= Mount Carmel Convent School (Pune) =

Mount Carmel Convent School is an offshoot of “The Congregation of the Sisters of the Apostolic Carmel”, That was founded in 1877 by Mother Teresa of St. Rose of Lima in the town of Kerala. It is a Christian institution which was first started at Nanapeth Pune, India in 1943. Due to the ever-increasing strength, there was a need to shift the Secondary Section to Lullanagar in 1956. In 1974, the K.G. class was opened in view of starting the Primary Section and was gradually upgraded. The school now a complete Pre-Primary, Primary, Secondary School and Junior College, is located at Lulla Nagar, Kondhwa, Wanawadi, Pune, India.

The school a Christian minority institution, which has a specific goal in view to provide Catholic girls with sound religious and moral education. Other pupils are also admitted with due respect to their religious feelings and freedom of conscience.
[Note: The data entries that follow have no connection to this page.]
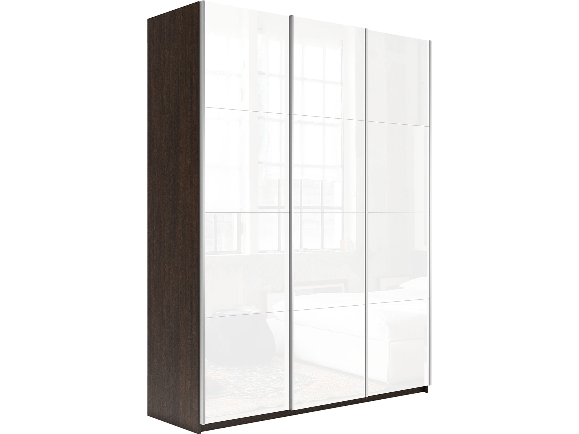 - Шкаф-купе Прайм 3-х дверный 1800 три стекла белые Венге
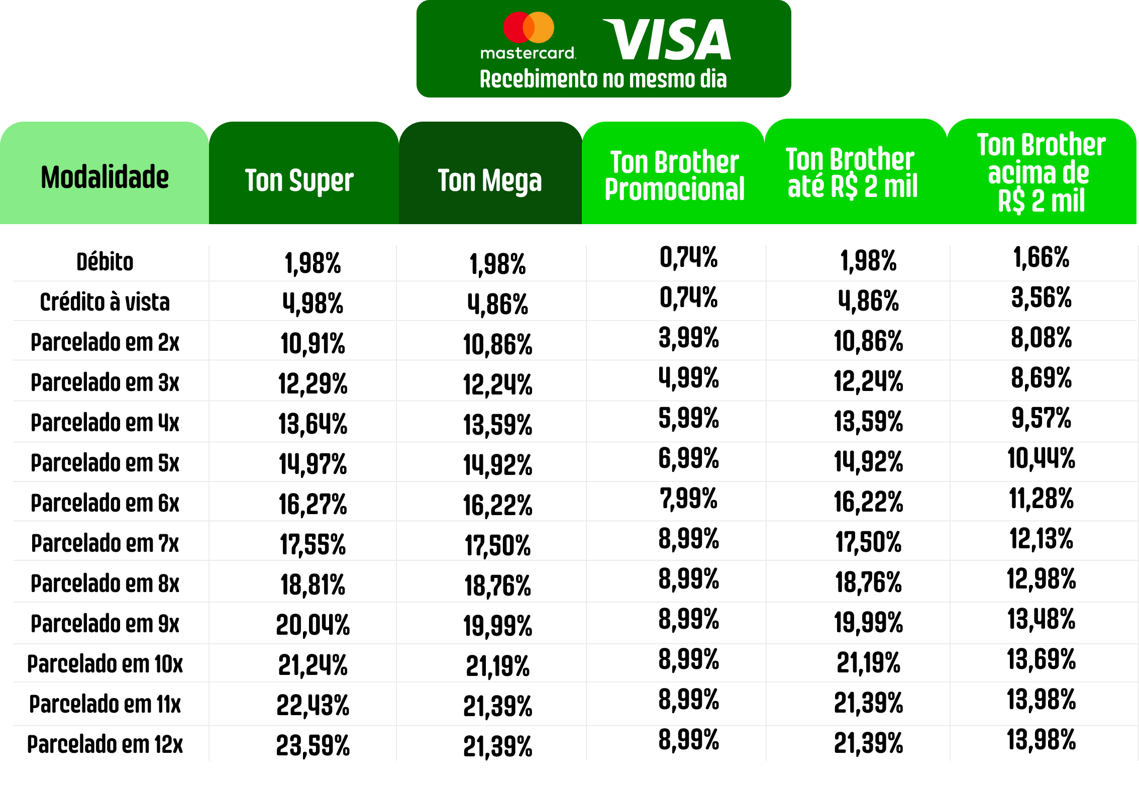 No plano Ton Mega e Ton Super, as maquininhas têm preços mais baratos e as taxas não mudam de acordo com as suas vendas mensais.
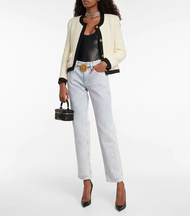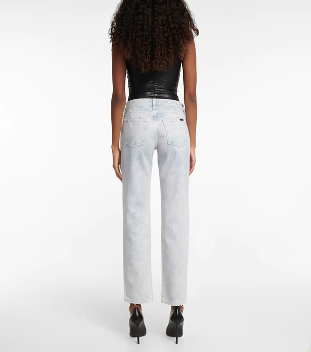 (La vita a bassa è tornata di moda, parola di Anthony Vaccarello che disegna per Saint Laurent questi jeans azzurro chiaro, Mytheresa.com)
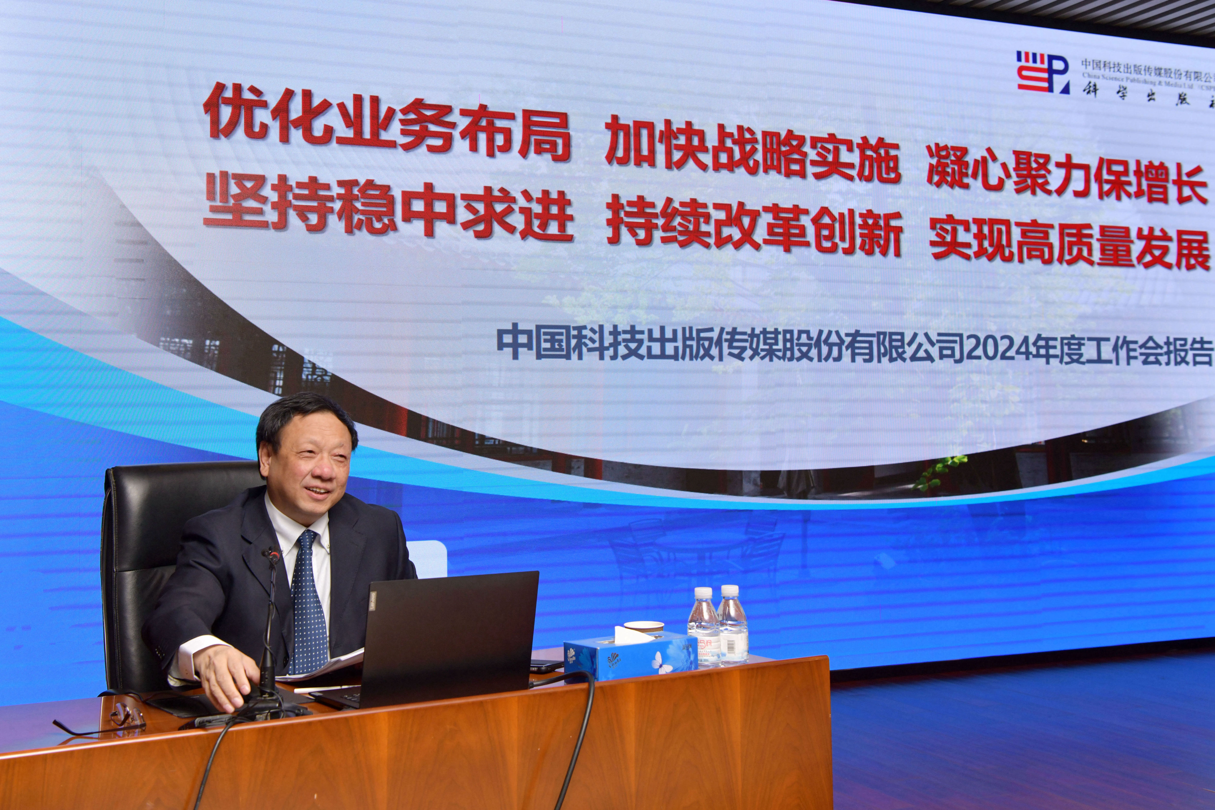 党委书记、董事长、总经理胡华强作了题为“优化业务布局,加快战略实施,凝心聚力保增长;坚持稳中求进,持续改革创新,实现高质量发展”的大会主题报告,在全面回顾2023年公司总体工作的基础上,研判发展形势,明确了2024年公司工作指导思想和总体任务,提出了“稳健增长、优化布局、鼓励创新、规范管理、重在执行”的工作方针;并部署了公司2024年的八项重点工作:第一,要强化企业党建,提高政治站位,引领企业发展。第二,要充分认识高质量发展是硬道理,业绩增长是金标准。第三,要聚焦主责主业,落实内容集聚战略。第四,要统筹兼顾发展,推动品牌战略落地。第五,要谋划顶层设计、加快自主创新,瞄准世界标准,扎实推进知识服务转型升级。第六,要把握竞争态势,增强国际传播效能。第七,要强化多措并举,建设专业人才队伍。第八,要强化对分子公司的有效治理。
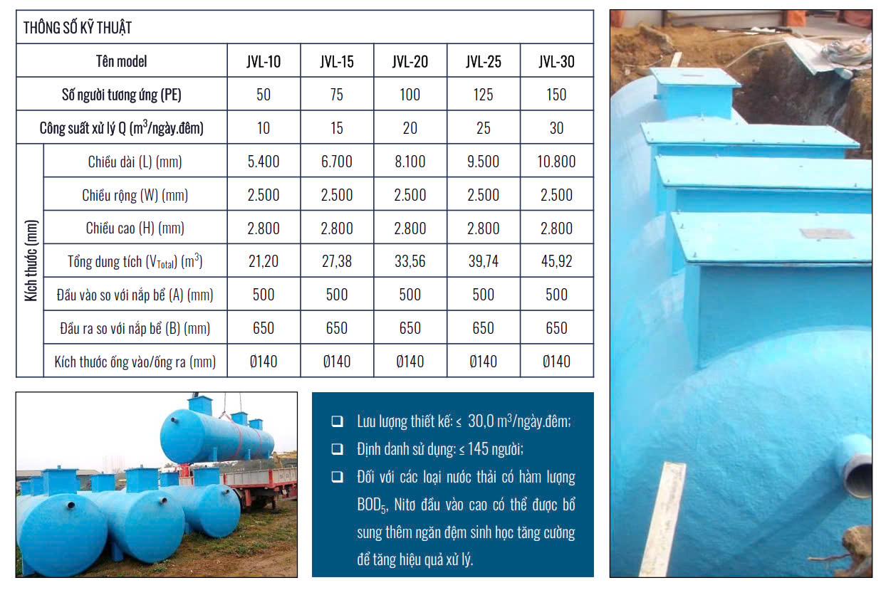 Công suất: có thể áp dụng cho các quy mô khác nhau, từ 1,5 đến 500 m3/ngày
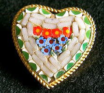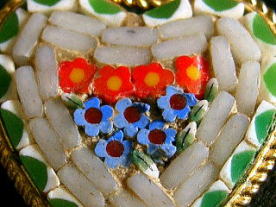 A022 ブローチ(モザイクフラワー) SOLD 1950年代のアンティークブローチ です。小さなガラスのモザイクで出来ています。 たて25mm、よこ23mm ★★★
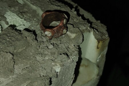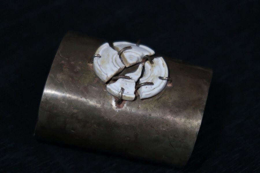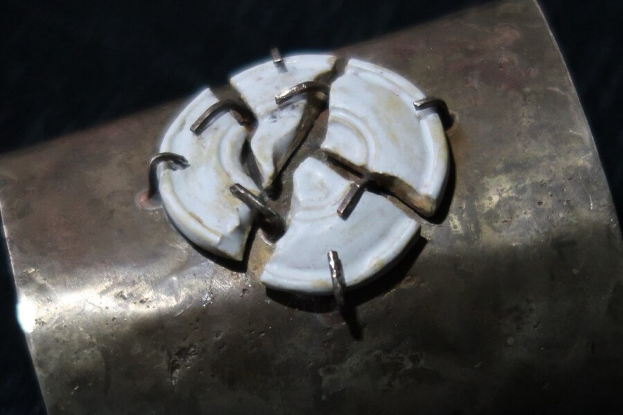 Кольцо было разрезано на пополам и прикреплено к керамике с внутренней стороны с помощью ювелирного клея, а также дополнительно укреплено крапанами, расположенными по всему диаметру
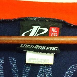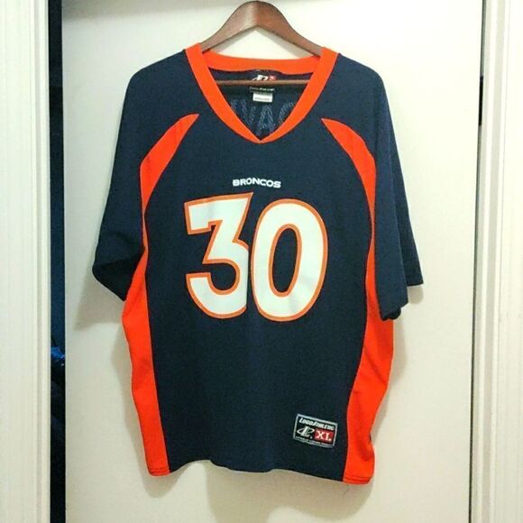 Navy blue, orange, and white vintage Denver Broncos Terrell Davis jersey. In very good condition, no major flaws. See photos for details. W 25" L 27"
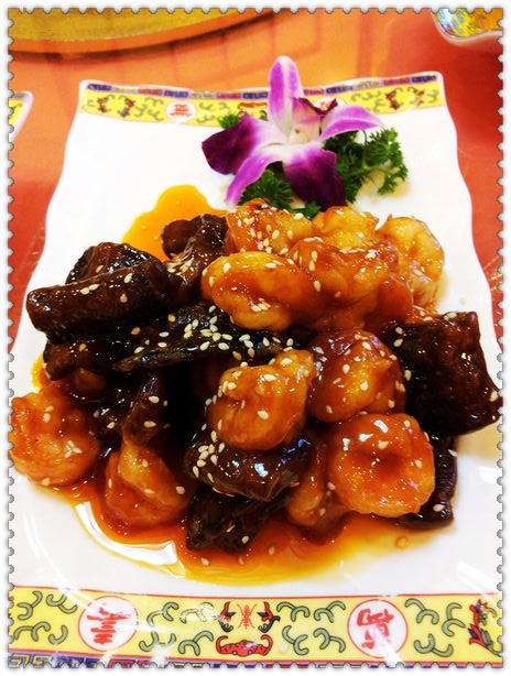 虾爆鳝~~ 鳝段和虾仁的个头都不小呢,挂的酸甜口的欠汁儿,味道不错,口感非常饱满~~

The organization is named after the Our Lady of Mount Carmel.

Mount Carmel Convent High School is recognized by the Government of Maharashtra and follows the S.S.C syllabus system which includes subjects that are English as the first language, Marathi as the second language, Hindi as the third language, Mathematics, Science, Social Sciences i.e. History and Geography. This school also offers Physical training, R.S.P., Girl Guides (Girl Scouts), Art, Craft, Value Education, Environmental Studies, Personality Development, General Knowledge, Information Technology, Social Service, etc. and also extra co-curricular activities to help and discover the talents of the students through elocution, dramatic essay writing, sports, dancing, singing, etc.

The Infrastructure includes Class Rooms, Computer Lab, Science Labs i.e. (Physics, Biology, Chemistry), and a library.